Each line below should be retyped exactly, with no pictures.
[Opening Data shown section]
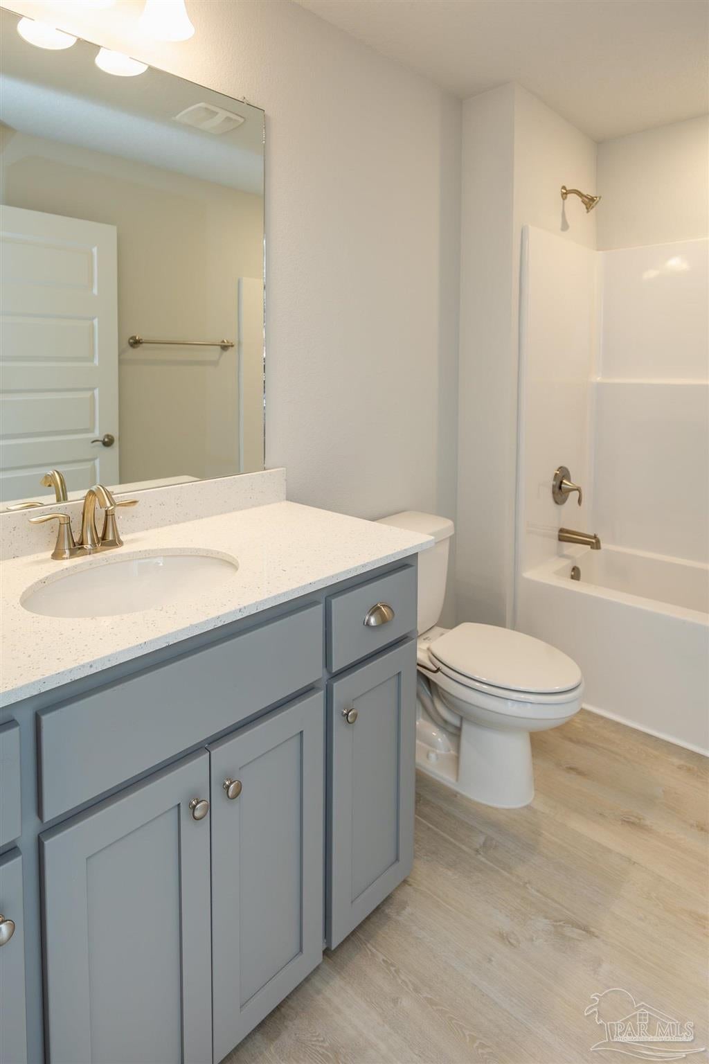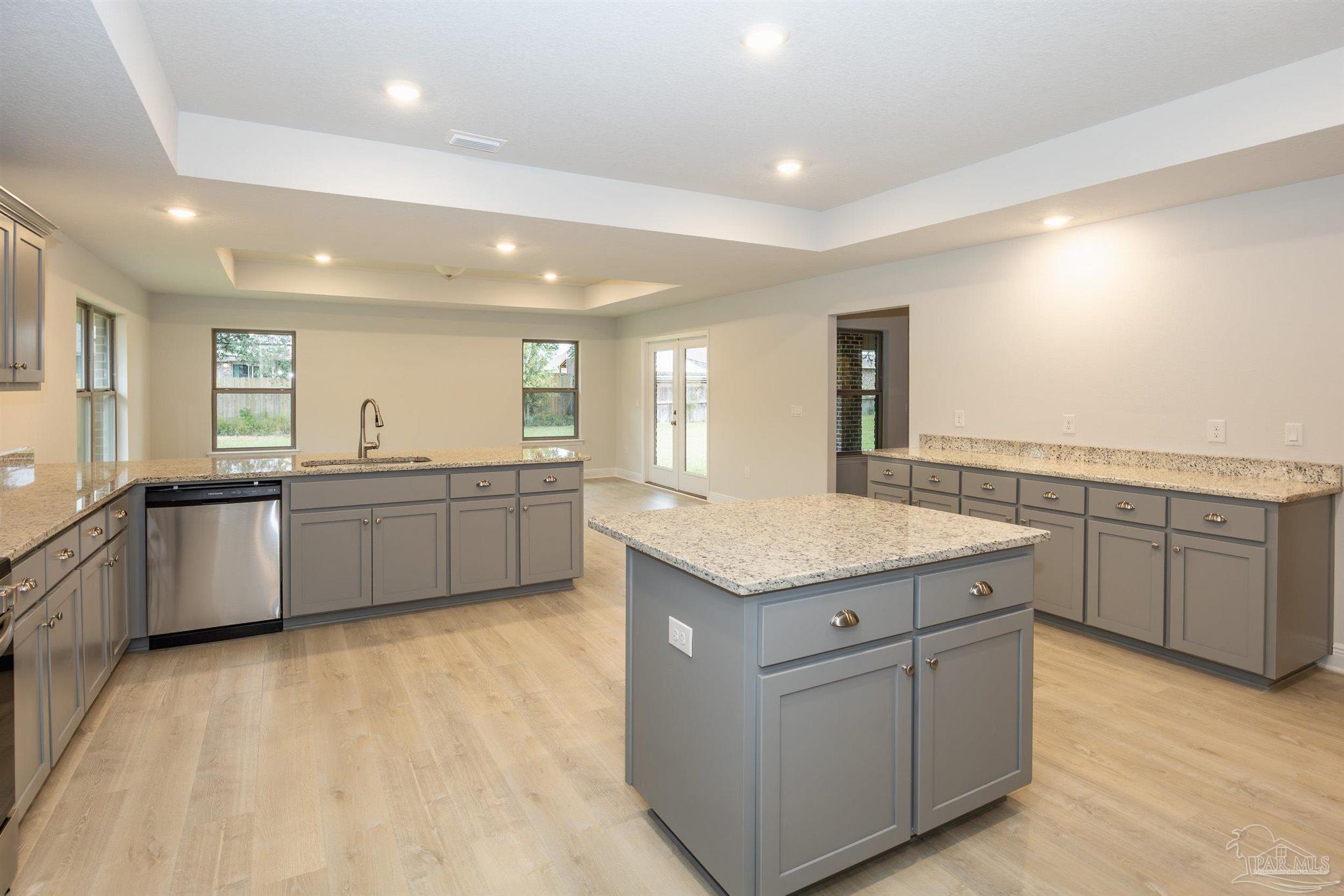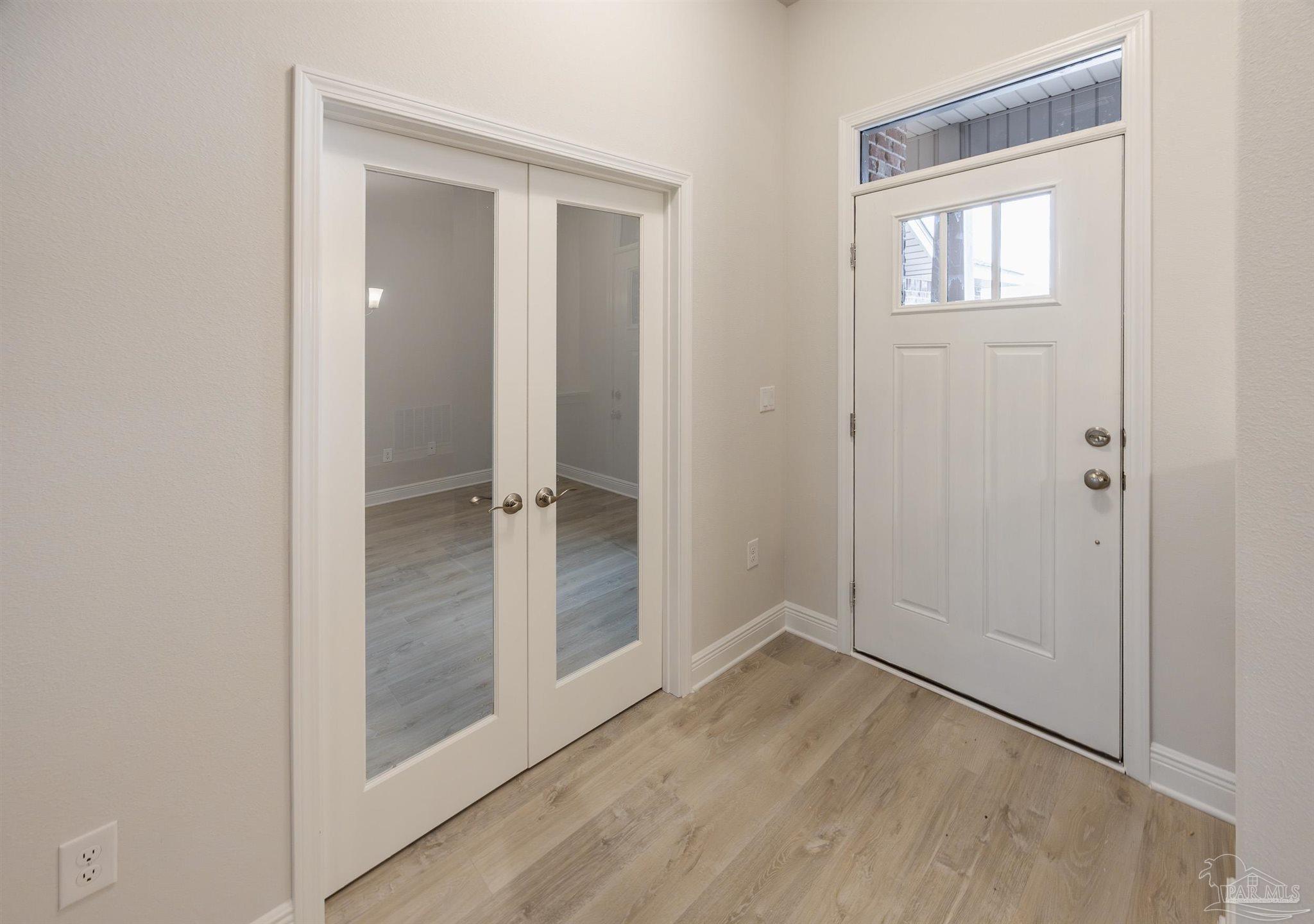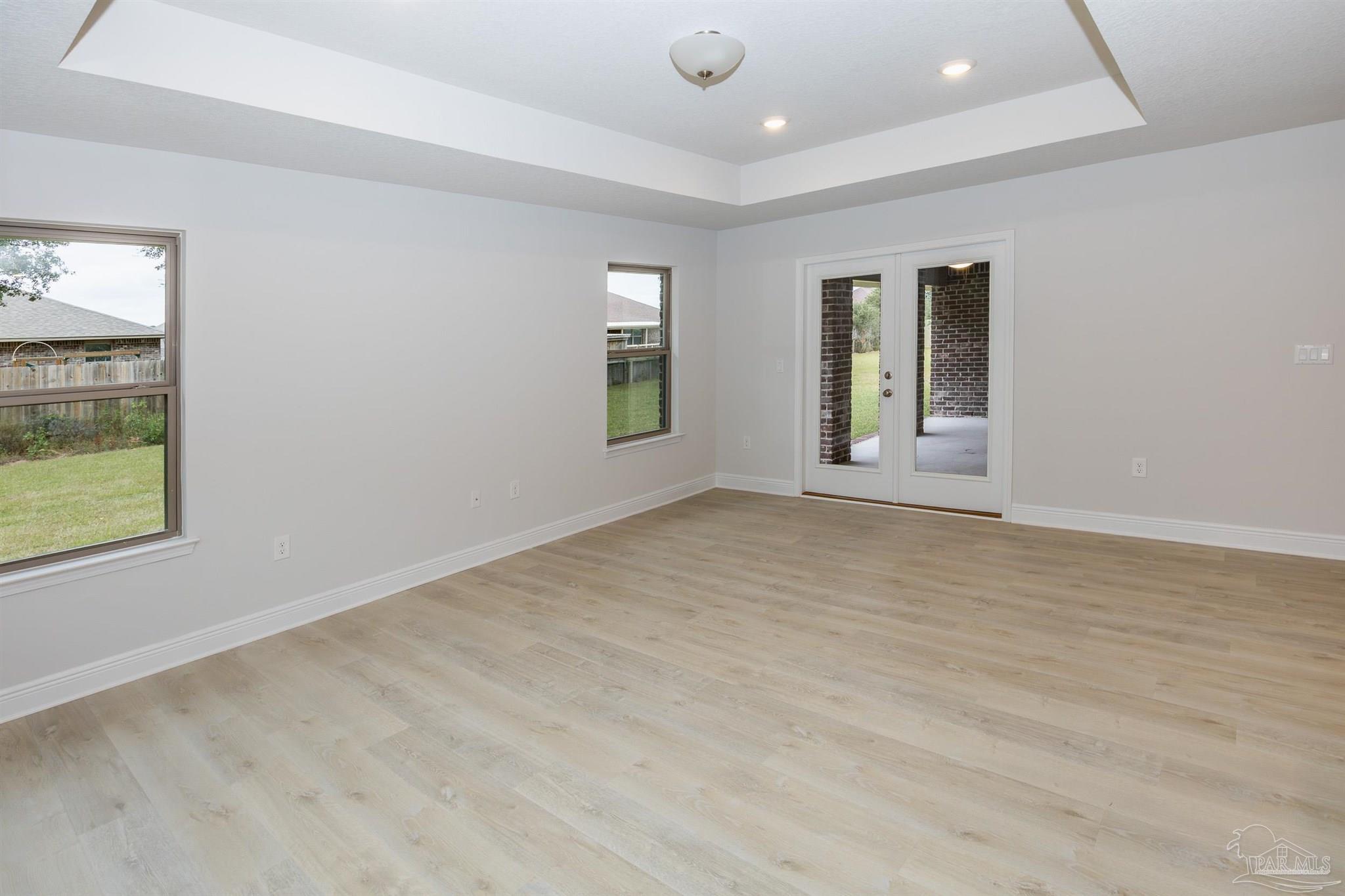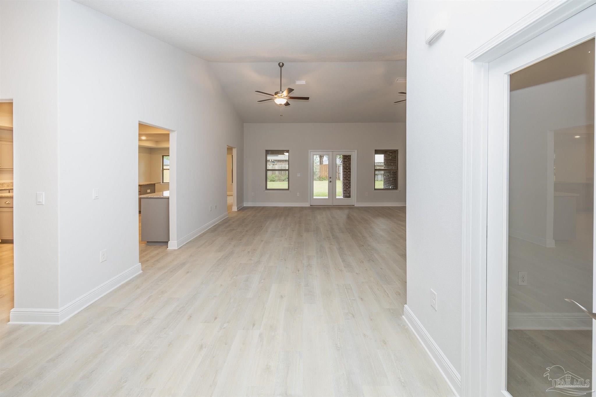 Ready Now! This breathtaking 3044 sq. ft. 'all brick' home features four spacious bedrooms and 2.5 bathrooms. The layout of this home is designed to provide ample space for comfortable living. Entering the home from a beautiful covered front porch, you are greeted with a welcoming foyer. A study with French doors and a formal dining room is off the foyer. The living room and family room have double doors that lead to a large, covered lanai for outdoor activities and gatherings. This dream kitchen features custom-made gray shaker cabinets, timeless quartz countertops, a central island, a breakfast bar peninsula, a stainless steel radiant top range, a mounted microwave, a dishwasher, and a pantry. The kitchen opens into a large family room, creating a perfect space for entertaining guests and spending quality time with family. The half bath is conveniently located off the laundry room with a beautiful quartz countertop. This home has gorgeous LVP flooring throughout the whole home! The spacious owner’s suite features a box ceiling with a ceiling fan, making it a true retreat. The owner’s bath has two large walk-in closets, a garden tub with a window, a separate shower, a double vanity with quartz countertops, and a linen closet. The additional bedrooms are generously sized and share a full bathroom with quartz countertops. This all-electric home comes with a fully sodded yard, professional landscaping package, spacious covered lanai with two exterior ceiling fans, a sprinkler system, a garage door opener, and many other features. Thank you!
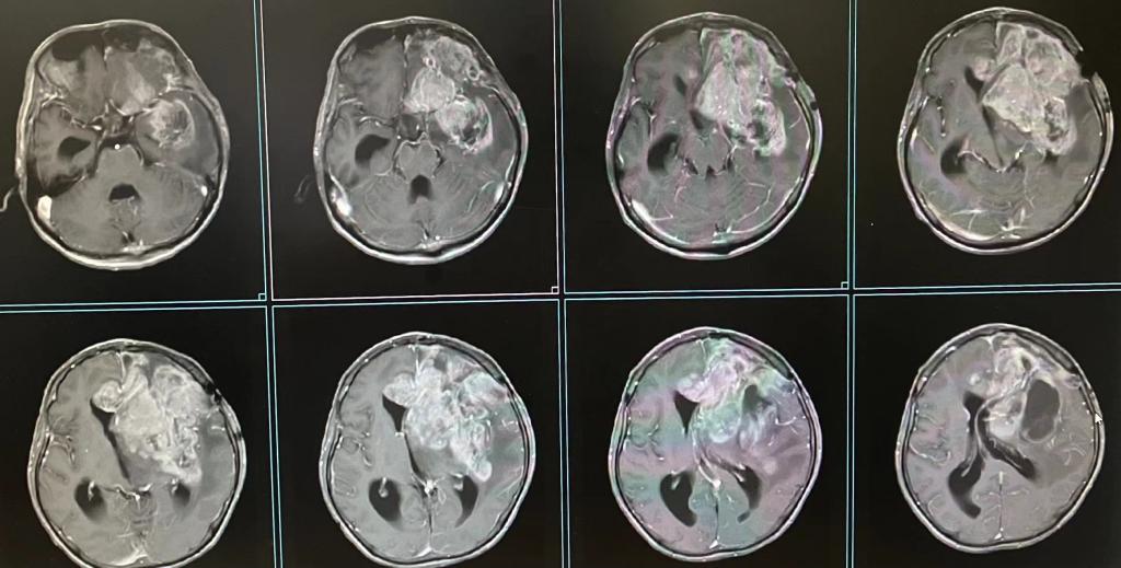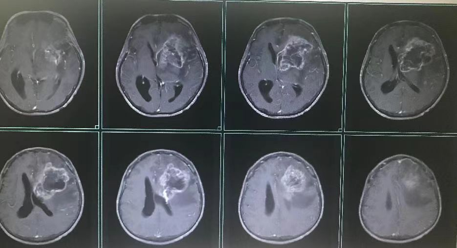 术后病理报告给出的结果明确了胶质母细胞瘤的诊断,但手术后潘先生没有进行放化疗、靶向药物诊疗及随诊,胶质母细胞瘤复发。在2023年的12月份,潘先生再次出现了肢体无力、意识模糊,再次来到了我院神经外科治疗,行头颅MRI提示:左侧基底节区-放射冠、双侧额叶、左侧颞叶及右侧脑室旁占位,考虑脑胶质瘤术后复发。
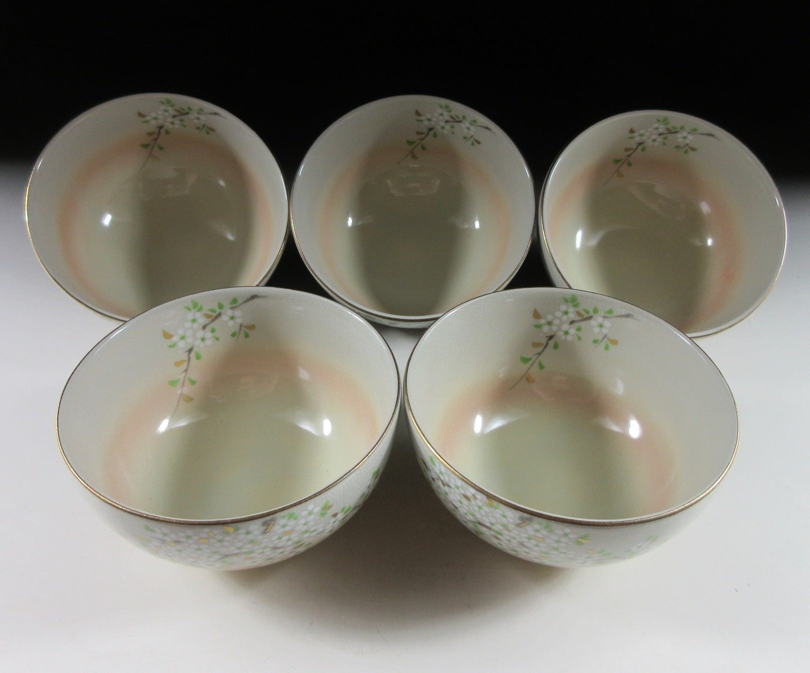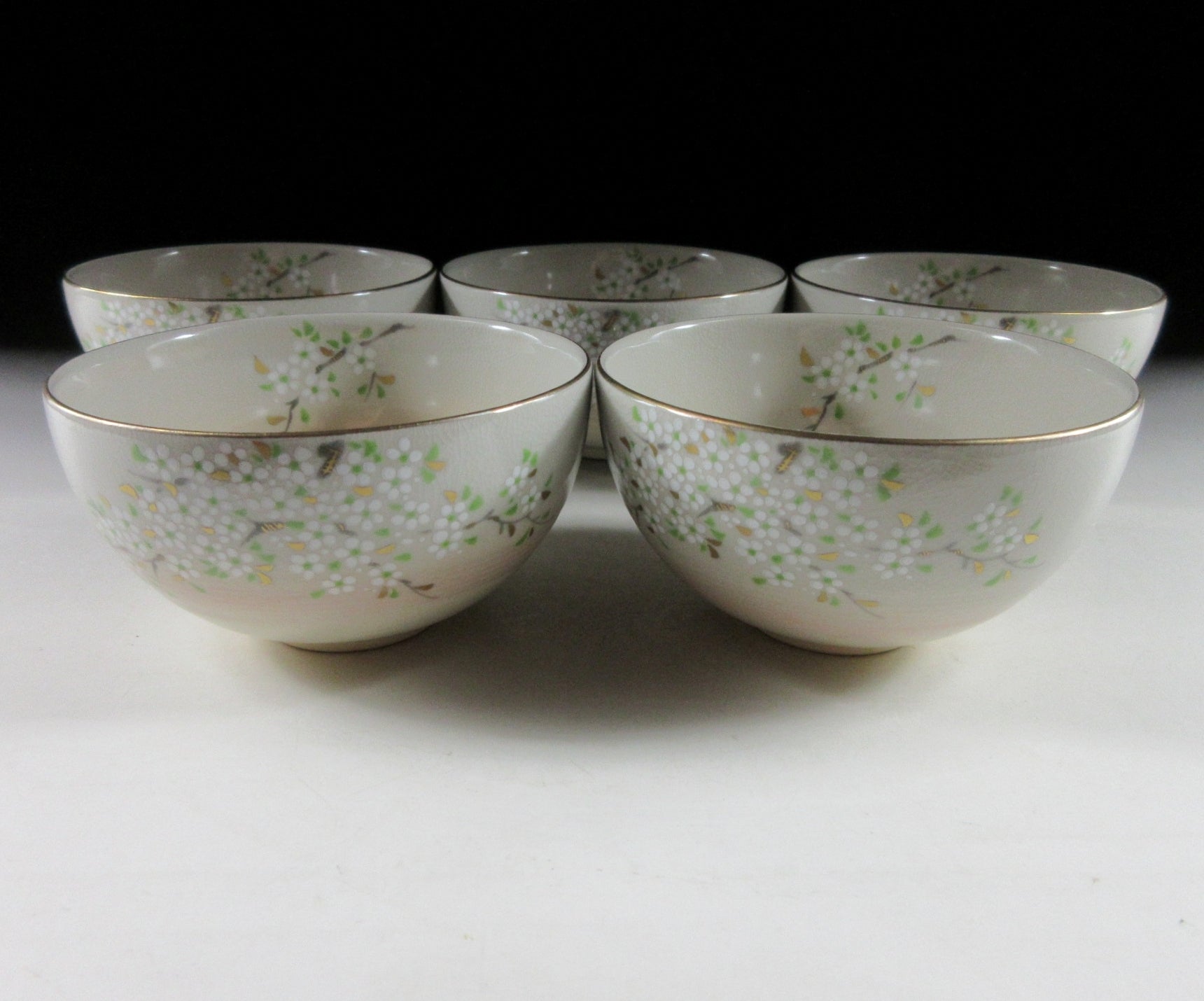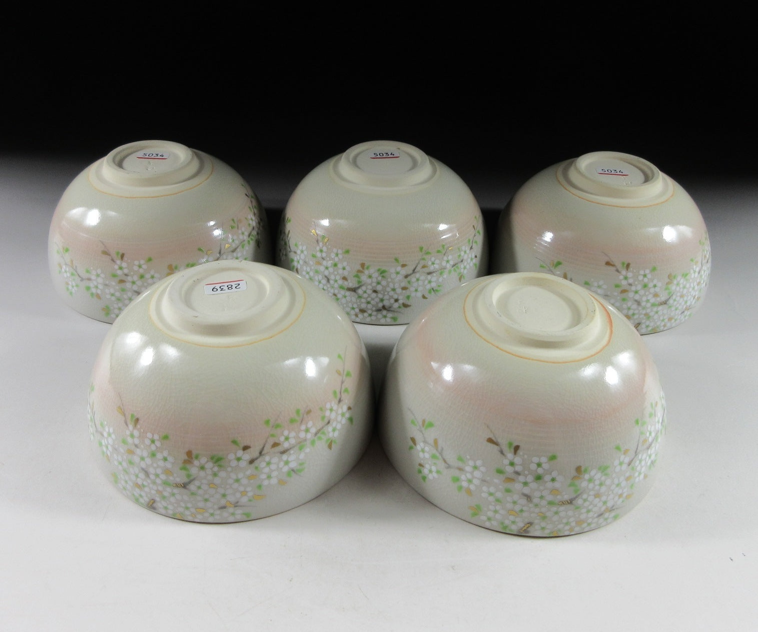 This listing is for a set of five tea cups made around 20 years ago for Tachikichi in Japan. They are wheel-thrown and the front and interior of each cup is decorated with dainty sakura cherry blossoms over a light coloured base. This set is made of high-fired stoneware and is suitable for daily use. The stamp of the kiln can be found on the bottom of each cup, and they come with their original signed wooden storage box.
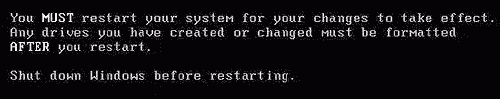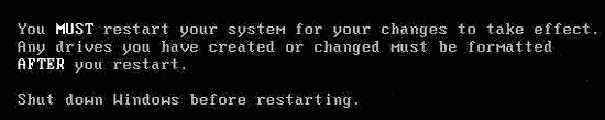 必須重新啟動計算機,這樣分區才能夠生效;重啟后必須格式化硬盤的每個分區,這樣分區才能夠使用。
[Closing Data shown section]
§ Result of this task:
 Ready Now! This breathtaking 3044 sq. ft. 'all brick' home features four spacious bedrooms and 2.5 bathrooms. The layout of this home is designed to provide ample space for comfortable living. Entering the home from a beautiful covered front porch, you are greeted with a welcoming foyer. A study with French doors and a formal dining room is off the foyer. The living room and family room have double doors that lead to a large, covered lanai for outdoor activities and gatherings. This dream kitchen features custom-made gray shaker cabinets, timeless quartz countertops, a central island, a breakfast bar peninsula, a stainless steel radiant top range, a mounted microwave, a dishwasher, and a pantry. The kitchen opens into a large family room, creating a perfect space for entertaining guests and spending quality time with family. The half bath is conveniently located off the laundry room with a beautiful quartz countertop. This home has gorgeous LVP flooring throughout the whole home! The spacious owner’s suite features a box ceiling with a ceiling fan, making it a true retreat. The owner’s bath has two large walk-in closets, a garden tub with a window, a separate shower, a double vanity with quartz countertops, and a linen closet. The additional bedrooms are generously sized and share a full bathroom with quartz countertops. This all-electric home comes with a fully sodded yard, professional landscaping package, spacious covered lanai with two exterior ceiling fans, a sprinkler system, a garage door opener, and many other features. Thank you!
 术后病理报告给出的结果明确了胶质母细胞瘤的诊断,但手术后潘先生没有进行放化疗、靶向药物诊疗及随诊,胶质母细胞瘤复发。在2023年的12月份,潘先生再次出现了肢体无力、意识模糊,再次来到了我院神经外科治疗,行头颅MRI提示:左侧基底节区-放射冠、双侧额叶、左侧颞叶及右侧脑室旁占位,考虑脑胶质瘤术后复发。
 This listing is for a set of five tea cups made around 20 years ago for Tachikichi in Japan. They are wheel-thrown and the front and interior of each cup is decorated with dainty sakura cherry blossoms over a light coloured base. This set is made of high-fired stoneware and is suitable for daily use. The stamp of the kiln can be found on the bottom of each cup, and they come with their original signed wooden storage box.
 必須重新啟動計算機,這樣分區才能夠生效;重啟后必須格式化硬盤的每個分區,這樣分區才能夠使用。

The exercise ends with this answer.